Pronunciations
- Pinyin:: piě
- Bopomofo:: ㄆ一ㄝˇ
- Wade–Giles:: p'ieh3
- Cantonese Yale:: pit
- Jyutping:: pit3
- Pe̍h-ōe-jī:: phia̍t
- Japanese Kana:: ヘツ hetsu (on'yomi)
- Sino-Korean:: 별 byeol
- Hán-Việt:: phiệt

Names
- Chinese name(s):: 撇 piě
- Japanese name(s):: ノ no はらいぼう haraibō
- Hangul:: 삐침 ppichim

Stroke order animation

= Radical 4 =

Kangxi radical

Radical 4 or radical slash (丿部) meaning "slash" or "bend" is one of 6 of the 214 Kangxi radicals that are composed of only one stroke.

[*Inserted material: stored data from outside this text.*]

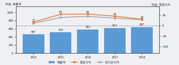 최근 3년간의 실적을 살펴보면 안정적 성장세를 보이고 있다. 최근 3년간 매출로 볼 때 매년 꾸준히 증가하고 있다. 다만 최근에 그 증가폭이 다소 감소하고 있다.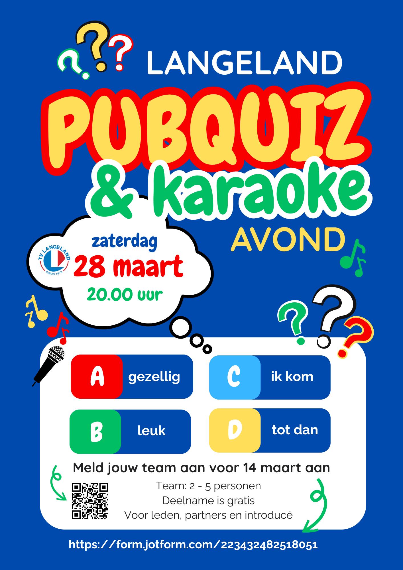 Doe jij (opnieuw) mee aan de Langeland Pubquiz? Dit keer kun je met een team meedoen op zaterdag 28 maart. We starten om 20.00 uur. Een team bestaat uit maximaal 5 mensen. Test jullie kennis en wie weet gaat jouw team er met de winst vandoor! Als je wilt, kun je na de quiz meedoen aan de karaoke. Om 24.00 uur sluiten we af.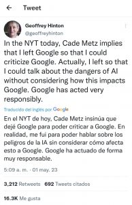 Hinton, nacido en Londres en 1947, »el padrino de la inteligencia artificial», confiesa se ha retirado de Google no para hablar mal de la compañía con la que participó durante 10 años, sino para alertar a la humanidad sobre los avances que rápidamente puede tener dicha creación. Ya que asegura que Google ha actuado responsablemente. Más cabe mencionar, también resalta que tal descubrimiento en manos de EUA y CHINA, desde una perspectiva financiera, pudiese convertirse en un freno de mano consciente o un arma letal para la sociedad.

In the Kangxi Dictionary, there are 33 characters (out of 49,030) to be found under this radical.

It is highly similar to the Japanese katakana, no (ノ), thus colloquially referred to as "no" in Japanese.

丿 is also the 4th indexing component in the Table of Indexing Chinese Character Components predominantly adopted by Simplified Chinese dictionaries published in mainland China.

==Evolution==

Large seal script character
Small seal script character

==Derived characters==

| Strokes | Characters |
|---|---|
| +0 | 丿 乀 乁 |
| +1 | 乂 乃 乄^{JP} |
| +2 | 久 乆 (=久) 乇 么^{SC} (= 麼 -> 广) 义^{SC} (=義 -> 羊) 乊 之 乡^{SC} (=鄉 -> 邑) |
| +3 | 乌^{SC} (=烏 -> 火) 乏 |
| +4 | 乍 乎 乐^{SC} (=樂 -> 木) |
| +5 | 丢 眾 乒 乓 乔^{SC} (=喬 -> 口) |
| +6 | 乕 (=虎 -> 虍) |
| +7 | 乖 |
| +8 | 乗^{JP} (=乘) |
| +9 | 乘 |

==In calligraphy==

The 6th principle stroke 掠 lüè as in 永
The 7th principle stroke 啄 zhuó as in 永

The only left-falling stroke in Radical 4, known as 撇 piě, is basic to Chinese calligraphy. It has two different forms, 掠 lüè and 啄 zhuó, in the eight principles of 永 (永字八法 Yǒngzì Bāfǎ).

== Literature ==
- Fazzioli, Edoardo (1987). "Chinese calligraphy : from pictograph to ideogram : the history of 214 essential Chinese/Japanese characters"
- Leyi, Li (1993). "Tracing the Roots of Chinese Characters: 500 Cases"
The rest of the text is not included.